ANOVA means Analysis of Variance. This test is used when we have to compare statistics between two or more samples. If we have two sample, we will use ttest.
Lets test it by assuming 5% of alpha value which is significance level. We assume that if there will be 5 wrong prediction out of 100, then we will ignore it.
 Null Hypothesis: There is no difference in mean values of each devices.
 Alternate Hypothesis: There is significant difference in mean value for each devices.

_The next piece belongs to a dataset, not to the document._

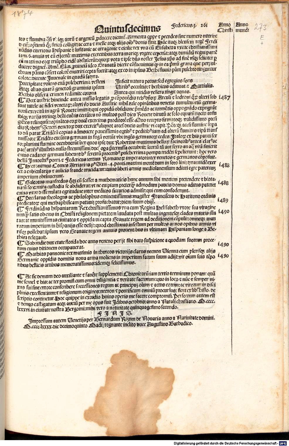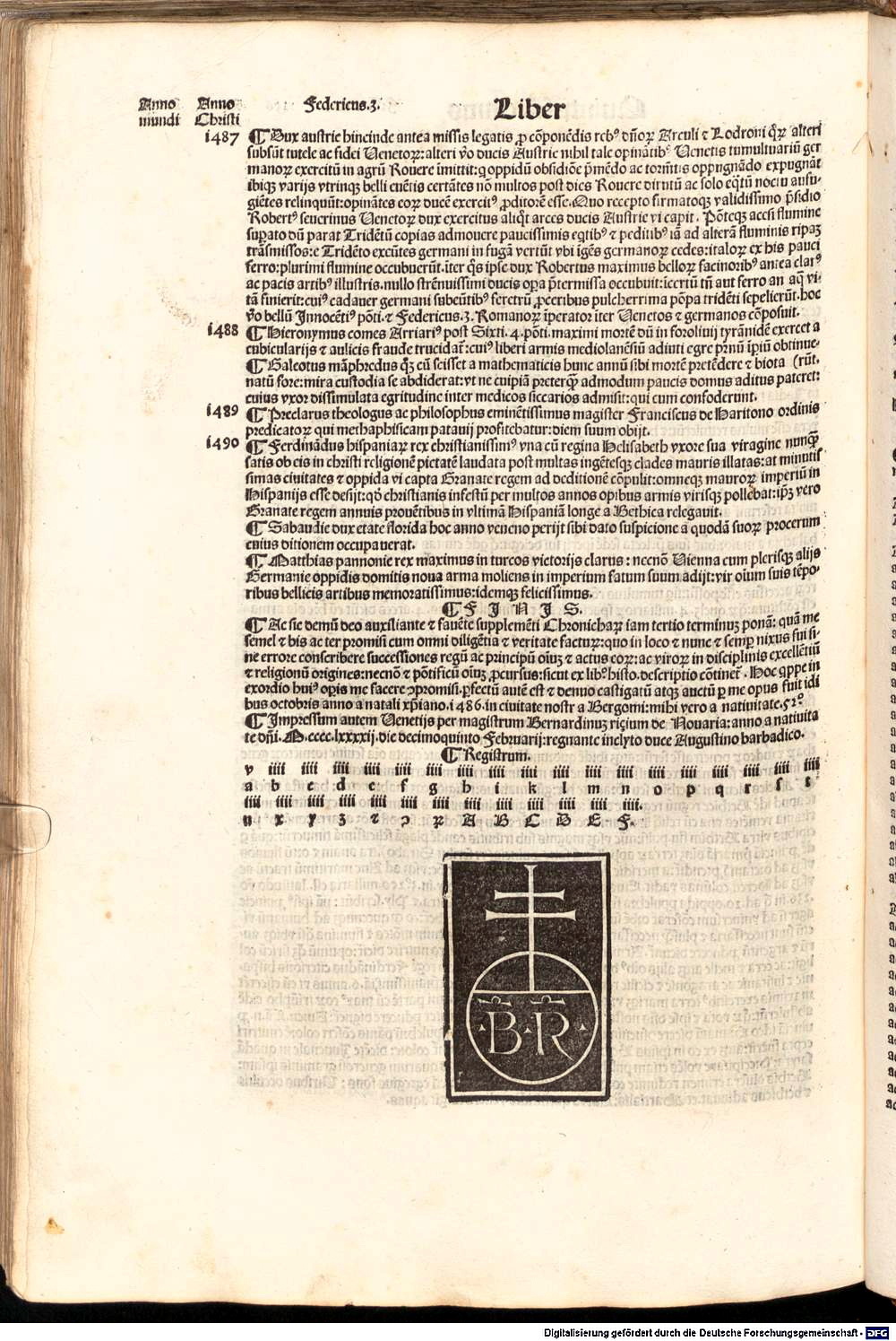 《年鑑補遺》第三版書末出版印記,註有印刷作坊名字與出版時間:1486.12.15。

import statsmodels.api as sm
from statsmodels.formula.api import ols
from statsmodels.stats.anova import anova_lm
# formula = 'len ~ C(supp) + C(dose) + C(supp):C(dose)'
for c in cols:
formula = f'{c} ~ device_name'
model = ols(formula, data=df).fit()
aov_table = anova_lm(model,typ=2)
print(aov_table)
sum_sq df F PR(>F)
device_name 0.319266 2.0 206081.057177 0.0
Residual 0.313859 405181.0 NaN NaN
sum_sq df F PR(>F)
device_name 4.276879e+07 2.0 904472.329682 0.0
Residual 9.579674e+06 405181.0 NaN NaN
sum_sq df F PR(>F)
device_name 0.439852 2.0 219945.965812 0.0
Residual 0.405145 405181.0 NaN NaN
sum_sq df F PR(>F)
device_name 3.506427 2.0 217991.815523 0.0
Residual 3.258695 405181.0 NaN NaN
sum_sq df F PR(>F)
device_name 2.425356e+06 2.0 936247.353097 0.0
Residual 5.248123e+05 405181.0 NaN NaN
It seems that that the p value is smaller than 5%, thus we reject the null hypothesis and claim that there is significant difference in mean values of fields of each device. But lets use ANOVA from SciPy's stats and result must be same.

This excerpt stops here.